IMF sees bleak future for Pakistan and several other states | Newspaper | DAWN.COM
WASHINGTON: The International Monetary Fund expects Pakistans 2011-12 fiscal deficit to widen to 6.5 per cent of gross domestic product, says a report released on Wednesday.
The IMF Outlook for the Middle East, North Africa, Afghanistan, and Pakistan (MENAP) also forecasts GDP growth of 2.6 per cent for Pakistan in the fiscal year ending in June 2012, compared with the governments target of 4.2 per cent.
It expects inflation to average 13 per cent compared with the governments target of 12 per cent.
Pakistans fiscal deficit was 5.9 per cent in 2010-11 and 1.1 per cent of GDP for three months ending September 30.
The countrys current account deficit is shown as 1.7 per cent of GNP. Similarly, imports are estimated at around $46 billion, while the exports trail behind at an estimated $30 billion during 2011-12.
Massive energy subsidies are one of the reasons for the swelling deficit. The IMF warns that the widening deficit could threaten Pakistans economic stability and hit its sovereign ratings.
The IMF has pushed Pakistan to narrow the gap by eliminating subsidies and increasing its tax-to-GDP ratio, one of the lowest in the world.
The report, however, notes that strong exports and remittances from overseas Pakistanis have helped offset capital outflows.
The report portrays Pakistan and Libya as among those characterised as having the most difficult business environments in the MENAP region. Business environment indicators help shed light on how well labour markets function, and many MENAP countries, including Pakistan, are at the bottom of global labour market efficiency rankings. Matching labour market efficiency against the share in the population of those under age 14 reveals the gravity of the problem that some MENAP countries face in absorbing new entrants. The challenges are most acute in Pakistan, Egypt, Libya, Mauritania and Syria.
The survey identifies floods and violence as among the main reasons for weakening economic activity in Pakistan. Pakistan is also among the countries where real policy rates are close to zero or slightly negative.

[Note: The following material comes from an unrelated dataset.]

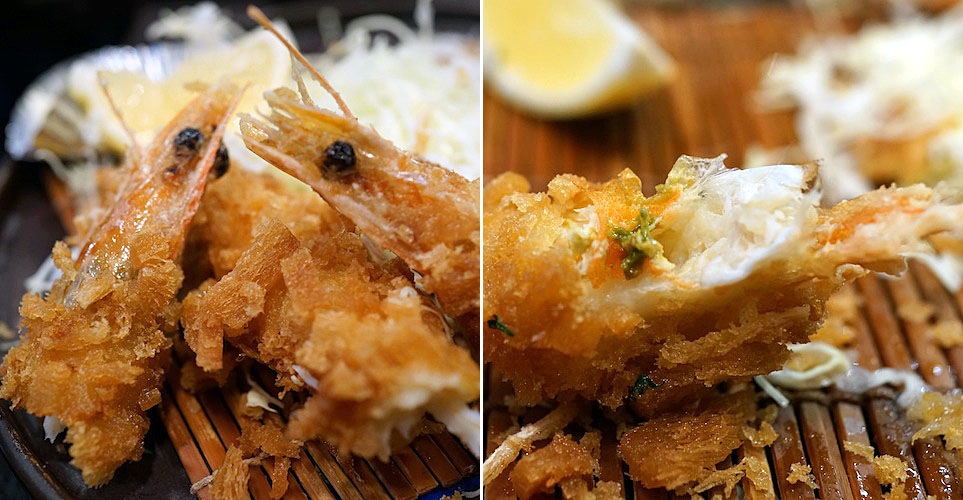 それからエビのフライがこれの一番メインの具材でしょうな…、太くて立派な車海老をスクッと伸ばして揚げたフライで、実はこれを食べに来たようなモノであります。

The IMF predicts that moderating food and fuel prices and continued weak aggregate demand will exercise a dampening effect on inflation in 2011-12 in MENAP countries. But wage increases, recently granted in the public sector in Pakistan and other countries, could filter through to the private sector and result in inflationary pressures as the economy recovers.

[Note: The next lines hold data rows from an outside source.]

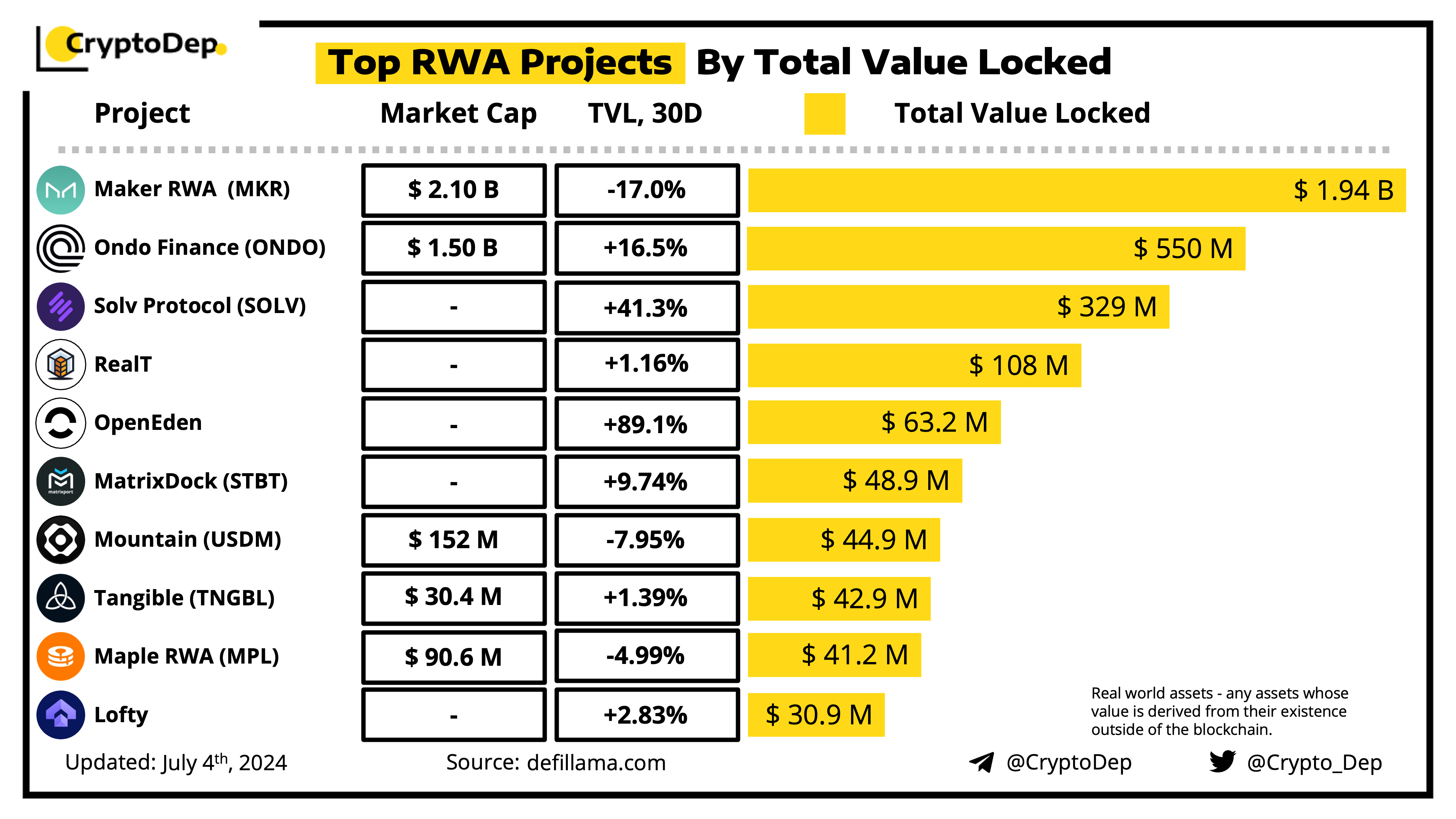 Real World Assets (RWAs) became one of the most hyped narratives of current market momentum. Let's explore the leading RWA projects ranged by TVL.
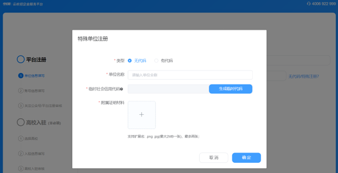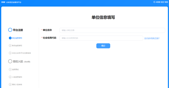 情况3:如果暂时查找不到本单位的信息,请按照提示点击右侧的“无代码特殊注册”通道,完善资料后提交(如下图)。
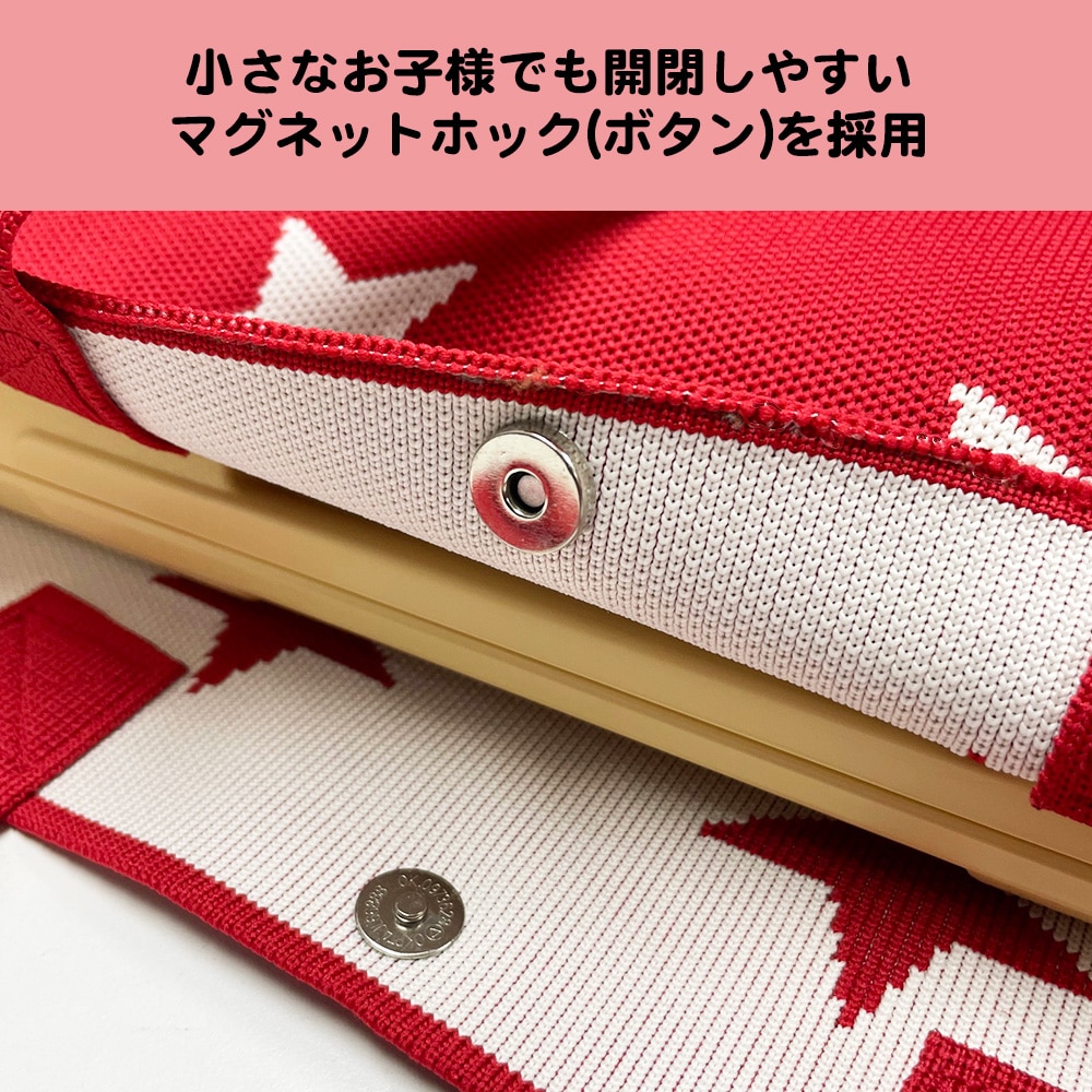 毎日の通園通学がもっと楽しくなるような、かわいいデザインで、柔らかいニット生地を採用した「鍵盤ハーモニカ」収納用のバッグです。 《特徴》 ●鍵盤ハーモニカをケース毎収納、一緒にA4サイズの楽譜も一緒に収納可能。 ●小さなお子様でも開閉がしやすいように、マグネットホック(ボタン)を採用。 ●伸縮する厚手のニット生地を採用し、優しい肌心地。 ●商品サイズ:約51×25cm(マチ無し)
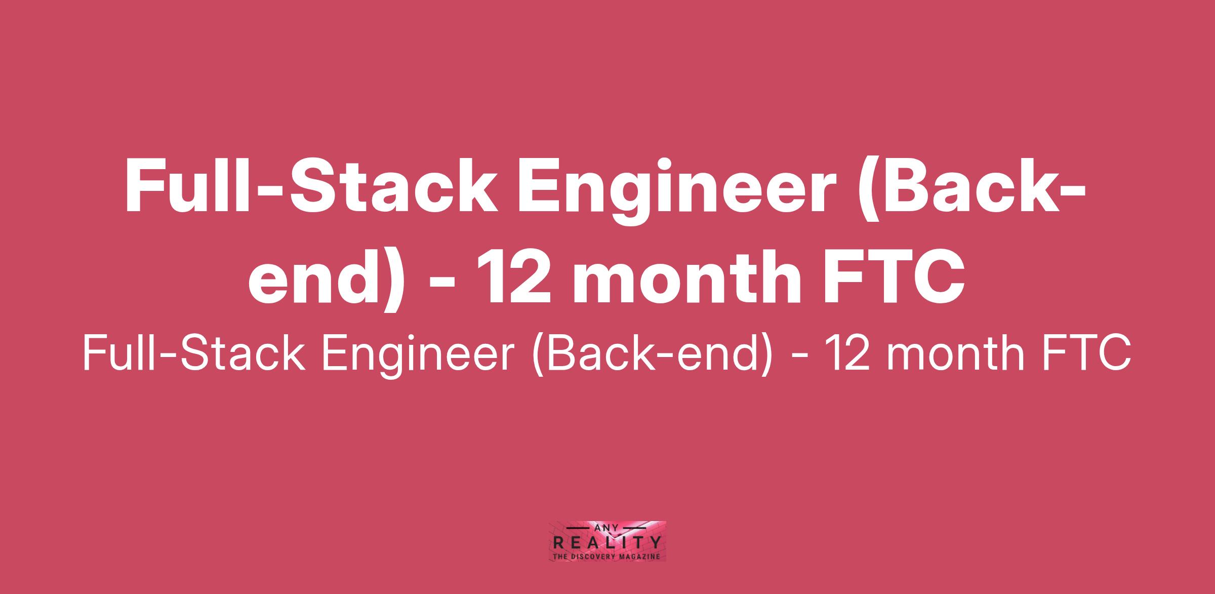 Full-Stack Engineer (Back-end) - 12 month FTC

In some countries, inflation will remain high in 2012 because of domestic factors. The report warns that structural factors and entrenched expectations of high inflation in Pakistan and Egypt will contribute to this pressure.
Pakistan is also among the countries experiencing smaller increases in import costs, because of weaker economic activity and lower oil intensity. Governments in Pakistan, Egypt, Jordan, Mauritania and Morocco have responded to growing social unrest, the economic downturn, and higher commodity prices, by significantly expanding subsidies and transfers. The increases have been only partially compensated for by cuts in expenditure.
In the region where the IMF has placed Pakistan, the overall fiscal deficit before grants is projected to exceed 8 per cent of GDP in 2011, while grants have expanded only modestly, borrowing costs in international markets have risen. As a result, governments in Pakistan, Egypt, Morocco and Syria are relying heavily on domestic financing.
The IMFs outlook for MENAP takes into consideration the unparalleled uncertainty and economic pressures witnessed by the region from both domestic and external sources, including the worsening global economy.
It predicts that MENAP countries will face further slowdown in growth with diverging trends, amid uncertainty from the regional unrest and a possible slump in the global economy. In 2012, MENAP countries are expected to grow 3.7 per cent, slower than the 3.9 per cent expansion projected for 2011. The 2011 forecast is unchanged from a projection in April. In 2010, the regions GDP grew 4.4 per cent.
As most countries in the region have already used their fiscal and international reserve buffers to respond to deteriorating economic conditions, there is less room left to respond to future shocks, the IMF warns.